11:30 Macko P: One step closer to Biomonitoring 2.0: a case study reinforcing the perspective of routine use of metabarcoding data in the multimetric assessment of the ecological quality of freshwater ecosystems
Routine biomonitoring of freshwater ecosystems still follows a conventional methodology based on the primary morphological identification of the five biological quality elements (phytoplankton, macrophytes, phytobenthos, benthic invertebrate fauna and fish). In addition to the time and financial demands or often complicated morphological determination especially in megadiverse benthic invertebrates, this approach can also be problematic due to the methodical processing of the collected bulk samples. For example, the subsampling method causes the final analysis to be based on only a limited sample volume. Consequently, important bioindicator taxa may be overlooked, and the face of true biodiversity may be distorted, leading to an inaccurate ecological status assessment. Therefore, this study aimed to test the applicability of DNA metabarcoding at long-term monitored sites, aiming to streamline the process, remove the aforementioned shortcomings and thus increase the efficiency and scale of freshwater biomonitoring.

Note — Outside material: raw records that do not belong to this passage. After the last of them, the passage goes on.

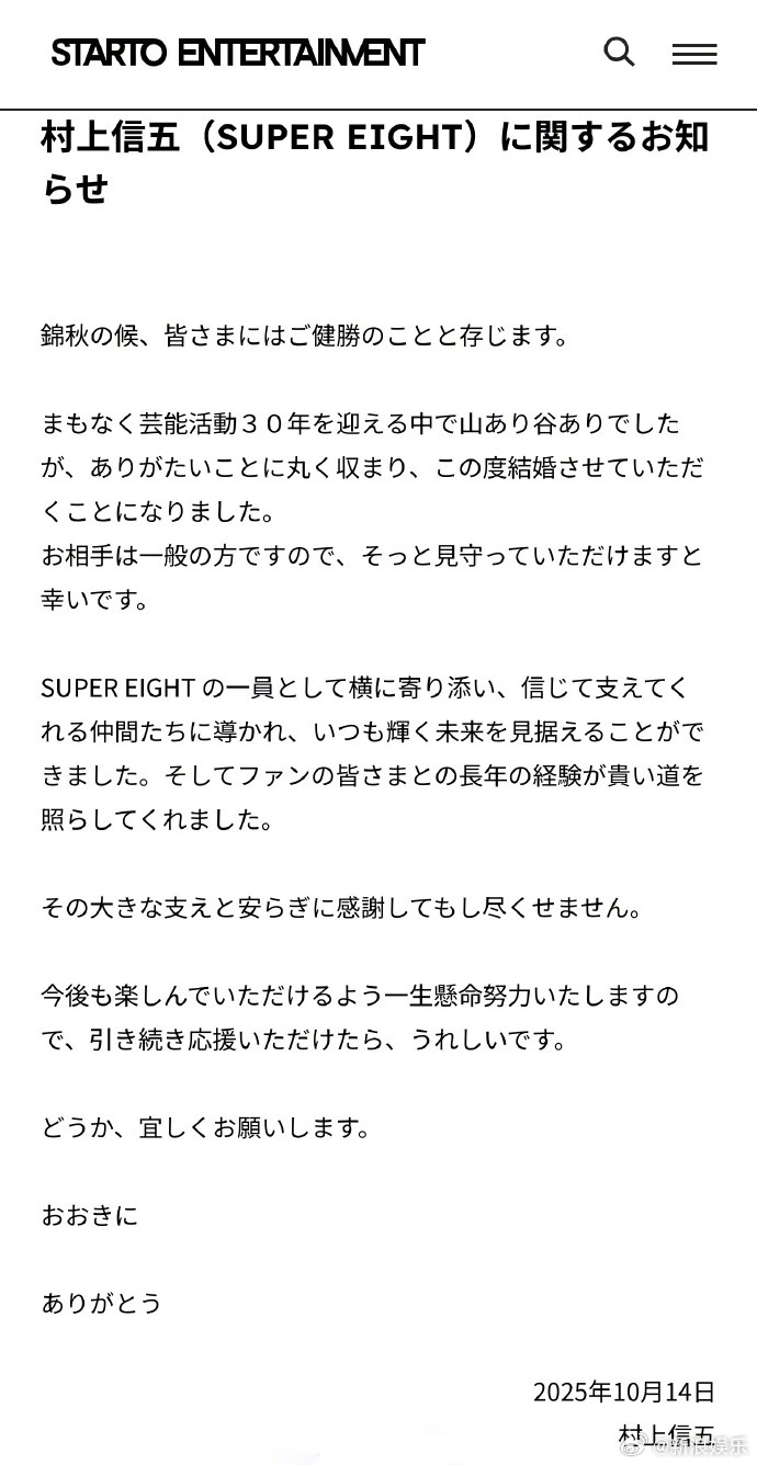 村上信五结婚村上信五官宣结婚据日媒,14日,SUPEREIGHT村上信五官宣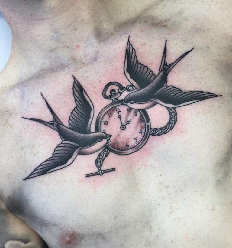 Татуировки с ласточками подходят мужчинам и женщинам и имеют множество значений. Реально же такое изображение обозначает родной дом, защиту от всех трудностей. Более распространённое значение — знак удачи, такая ласточка еще изображается с подковой или клевером с четырьмя листами.
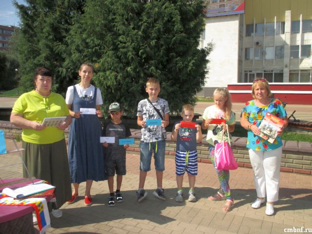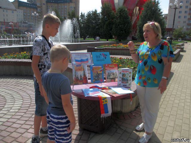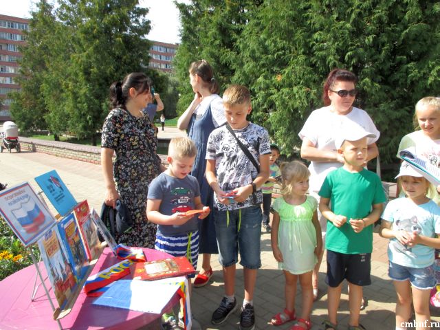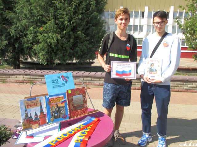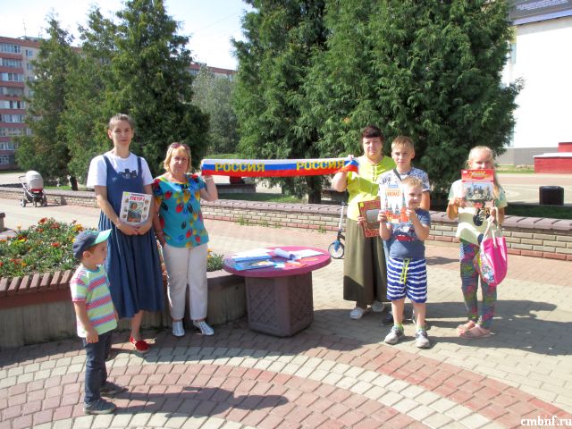 20 августа библиотекари отдела обслуживания читателей (ул. Маршала Жукова,10) Цепкова М.М., Устинова С.Н. и Саломатина М.П. предложили жителям города принять участие в патриотической акции «Три символа родной державы», посвященной Дню Государственного флага РФ.

Samples of benthic invertebrates were collected at 12 sites from different categories of water bodies. Without time-consuming bulk processing and morphological determination, the obtained final taxa lists based on metabarcoding data confirmed a 14% increase in identified species within the five target benthic classes (Insecta, Clitellata, Malacostraca, Bivalvia and Turbellaria) compared to previous conventional (WFD) sampling. Biological indices included in the multimetric evaluation of the ecological status were calculated using the program ASTERICS, and the same or higher ecological quality class was identified compared to previous assessments. More detailed indices analysis showed that the ecological quality class changed more significantly in 5 localities (from 2 to 1), mainly due to the influence of the BMWP and EPT taxa indices, which indicates a higher sensitivity of metabarcoding approach in detecting the present macroinvertebrates species spectrum. The results of this study provide useful data on the effectiveness of DNA metabarcoding and have a great potential to contribute to the implementation of DNA approaches in routine biomonitoring of freshwater ecosystems.